I have a series of coordinates for fish caught from a boat at different datetimes and different trips. How do I determine whether the coordinates of a fish are likely to be incorrect (e.g. due to transcription error) based on time since last fish caught within that same trip and an assumed boat speed (say 10km/hour).
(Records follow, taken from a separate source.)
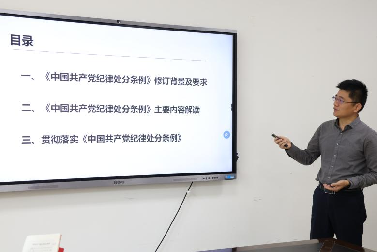 学院党委副书记、纪委书记陈永福作《中国共产党纪律处分条例》解读。陈永福副书记回顾《条例》历次修订情况,并以《条例》三编为线索,讲解总则部分的“一个指导思想、两个‘坚决维护’、三个重点查处、监督执纪的四种形态”,逐章介绍党员政治纪律、组织纪律、廉洁纪律、群众纪律、工作纪律、生活纪律六方面的相关要求,重点强调部分易混淆点和本次修订的新增内容。
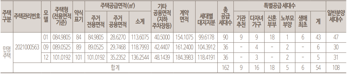 공급규모 : 공동주택 지하 2층, 지상 4층 10개 동 총 162세대
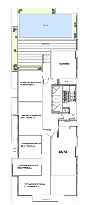 Desde el ingreso, el edificio transmite categoría y presencia, con un hall de doble altura que marca el carácter del proyecto y anticipa el nivel de detalle con el que fue concebido. Cada espacio común fue pensado para disfrutar, relajarse y compartir: en la azotea, la piscina y el solarium invitan a bajar el ritmo y disfrutar del aire libre; el gimnasio suma practicidad a la rutina diaria; y el SUM con parrilla ofrece un lugar ideal para encuentros sociales en un entorno cuidado y de excelente calidad.

Here is a simple example dataset with 2 trips and two fish per trip.
library(sf)
library(ggplot2)
library(dplyr)
library(lubridate)
datetime <- ymd_hms('2017-05-13 14:00:00', tz = "Etc/GMT+8")
df <- data_frame(DateTimeCapture = c(datetime, datetime + minutes(35), datetime + days(2),
datetime + days(2) + minutes(20)),
Trip = c('1', '1', '2', '2'),
Order = c(1, 2, 1, 2),
X = c(648635, 648700, 647778, 658889),
Y = c(5853151, 5853200, 5854292, 5870000))
# if you prefer to work in sf
df_sf <- st_as_sf(df, coords = c('X', 'Y'), crs = 32610)
# quick plot
ggplot() +
geom_point(data = df, aes(x = X, y = Y, color = Trip))
The distance between the two fish in the second trip is 19km:
st_distance(df_sf[3:4, ])
Units: m
[,1] [,2]
[1,] 0.00 19240.47
[2,] 19240.47 0.00
It is unlikely that a boat could travel 19km in 20 minutes. Thus this should be flagged as a possible error.
My preference is for solutions using sf, but may also accept solutions using sp. It has to be r-based solution.